→ **COLLECTED DATA**:

━━━━

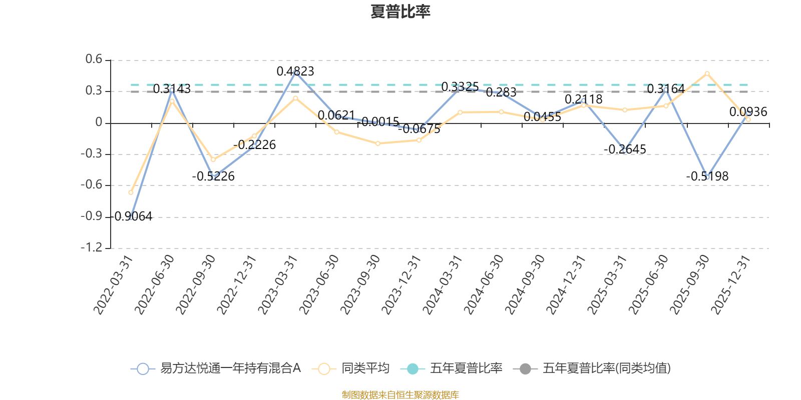 截至12月31日,基金近三年夏普比率为0.7557,位于同类可比基金223/542。
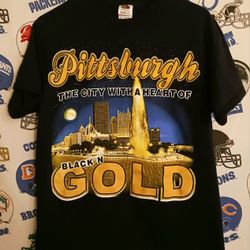 Pittsburgh Pennsylvania Cityscape Black And Gold Steelers Graphic Tee Shirt$20Rialto, CA
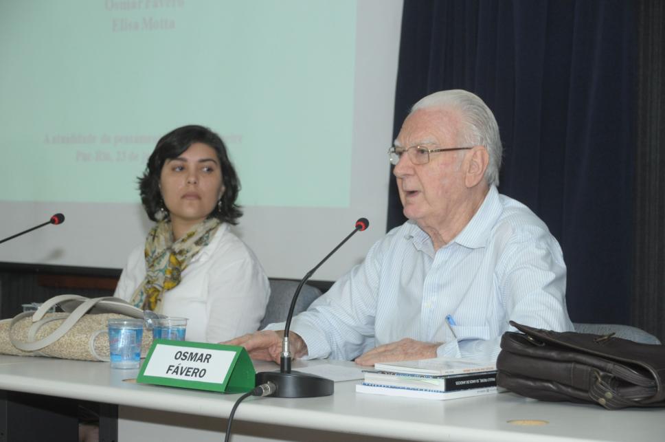 Os professores Elisa Siqueira e Osmar Fávero participam da mesa sobre as fichas de cultura do sistema de alfabetização Paulo Freire.
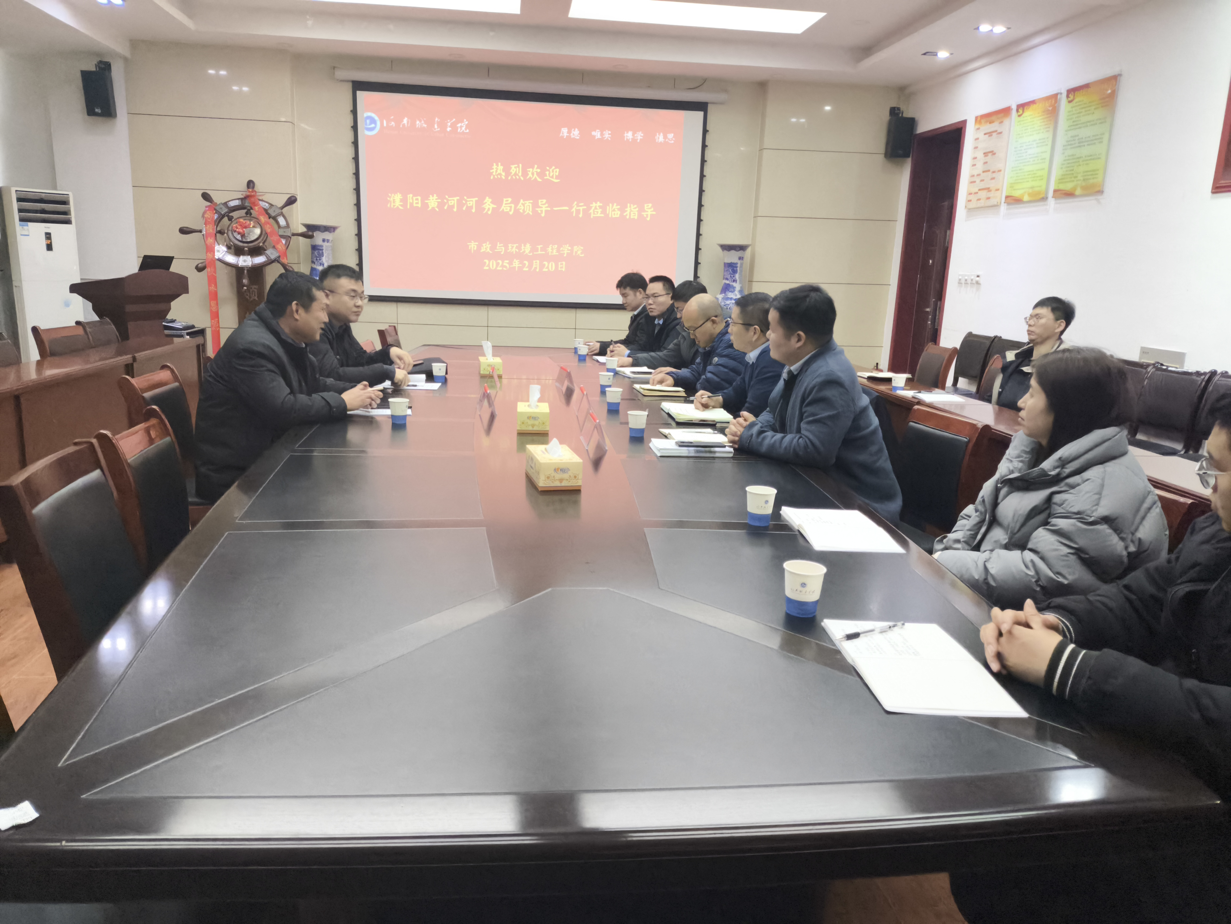 2月20日,濮阳黄河河务局第一河务局副局长崔巍巍一行来公司考察交流。崔巍巍一行考察了河南省水体污染防治与修复重点实验室、河南省绿色低碳水处理技术与水资源利用国际联合实验室等科研平台并进行了座谈交流。365英国上市公司经理姜忠峰、副经理宋忠贤、河南城院卓越综合设计研究院有限公司总经理张东令、公司各系主任以及科研办等相关人员参加了座谈交流。

━━━━

→ **TASK DETAILS**:
Using the listing above, copy exactly the lines from the one that contains "Os professores Elisa" through its last line, both included, but not the pictures.

→ **TASK SOLUTION**:
 Os professores Elisa Siqueira e Osmar Fávero participam da mesa sobre as fichas de cultura do sistema de alfabetização Paulo Freire.
 2月20日,濮阳黄河河务局第一河务局副局长崔巍巍一行来公司考察交流。崔巍巍一行考察了河南省水体污染防治与修复重点实验室、河南省绿色低碳水处理技术与水资源利用国际联合实验室等科研平台并进行了座谈交流。365英国上市公司经理姜忠峰、副经理宋忠贤、河南城院卓越综合设计研究院有限公司总经理张东令、公司各系主任以及科研办等相关人员参加了座谈交流。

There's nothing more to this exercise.